So what is necessary pain?  It is the end result of love.  We all know the saying all good things must come to an end.  Well necessary pain is losing a close relationship, losing a loved one to death, it is losing anything or anyone that is nestled closely to your heart.  This is a necessary part of life.  We must love in life to really lose.  I know in my life I would not give up a second of time I share with the people I love.  I understand that the greater I love the greater the hurt at its loss.  And that is okay. I would much rather love greatly in everything and to everyone. That comes with a risk.  But the risk of hurt is worth it tenfold when the benefit is love.  There is never a right time for loss.  There is no pill that can take this pain away.  There are no words to take this hurt away.  This hurt will burden our hearts and only time can make it tolerable but the hurt of the loss, never leaves.  The reward to this pain is the lifetime of love experienced.  And as great as the pain is, the love envelopes its arms around the hurt and around you because that is so much stronger than anything else in this world.  That is why it is so important to love so greatly.  Love so big because this pain will be there eventually.  But the time you have to share this love will outweight the gravity of any pain in the end.

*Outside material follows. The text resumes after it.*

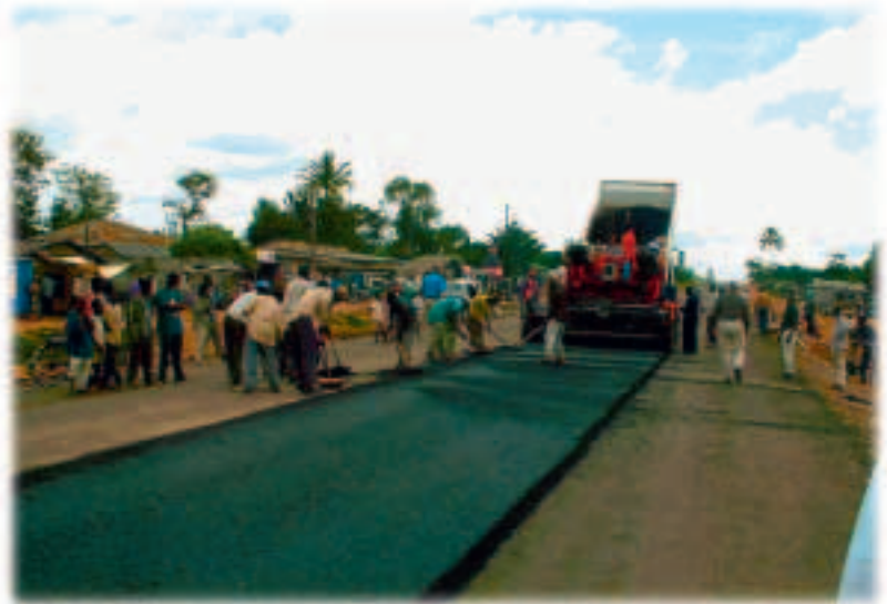
Η κατασκευή δρόμων που αντέχουν σε όλες τις καιρικές συνθήκες είναι ζωτικής σημασίας για την ανάπτυξη της Αφρικής.

Η ειδική σχέση ως προς το εμπόριο και τη βοήθεια μεταξύ της ΕΕ και των 79 χωρών της ομάδας ΑΚΕ (Αφρική-Καραϊβική-Ειρηνικός) ισχύει από την υπογραφή των συμφωνιών της Λομέ το 1975. Η σχέση αυτή αναπτύσσεται περαιτέρω μέσω των λεγόμενων «συμφωνιών οικονομικής εταιρικής σχέσης». Οι συμφωνίες αυτές συνδυάζουν το εμπόριο και τη βοήθεια από την ΕΕ μέσα από ένα νέο πρίσμα. Οι χώρες ΑΚΕ ενθαρρύνονται να καλλιεργήσουν την οικονομική τους ολοκλήρωση με γειτονικές χώρες ως ένα βήμα προς την ολοκλήρωσή τους στην παγκόσμια οικονομία, ενώ περισσότερη βοήθεια κατευθύνεται προς τη θεσμική ανάπτυξη και τη χρηστή διακυβέρνηση. Με τις συμφωνίες αυτές η αναπτυξιακή διάσταση γίνεται ο ακρογωνιαίος λίθος της σχέσης ΕΕ-ΑΚΕ.

We are left with an accumulation of intentional and unintentional circumstances of hurt so now what?  We will have them with us always.  The next step is to forgive.  Forgive the other person and forgive yourself.  After all, we are all human trying to unravel the mysteries of each experience of this life.  Forgiveness is the key to unlock the door to any grievance and wave your hand at it as you say goodbye.  Forgiveness doesn't mean you have to accept the unacceptable.  It simply means you are not going to be held down by the gravity of hurt it places on your shoulders and in your heart.  It means you have come to terms with the lessons hidden within the experience.  It means that you will carry the hurt with you only as a reminder that you don't want to and don't need that lesson again.  It means you have now risen above the experience.  That your heart has been catapulted into being able to love more greatly and graciously because you know what it is to be in the space of hurt and all of its lack luster.  It means that the lessons of letting go have now allowed you to become weightless and unburdened again and have prepared you to accept and learn from any circumstances that come your way.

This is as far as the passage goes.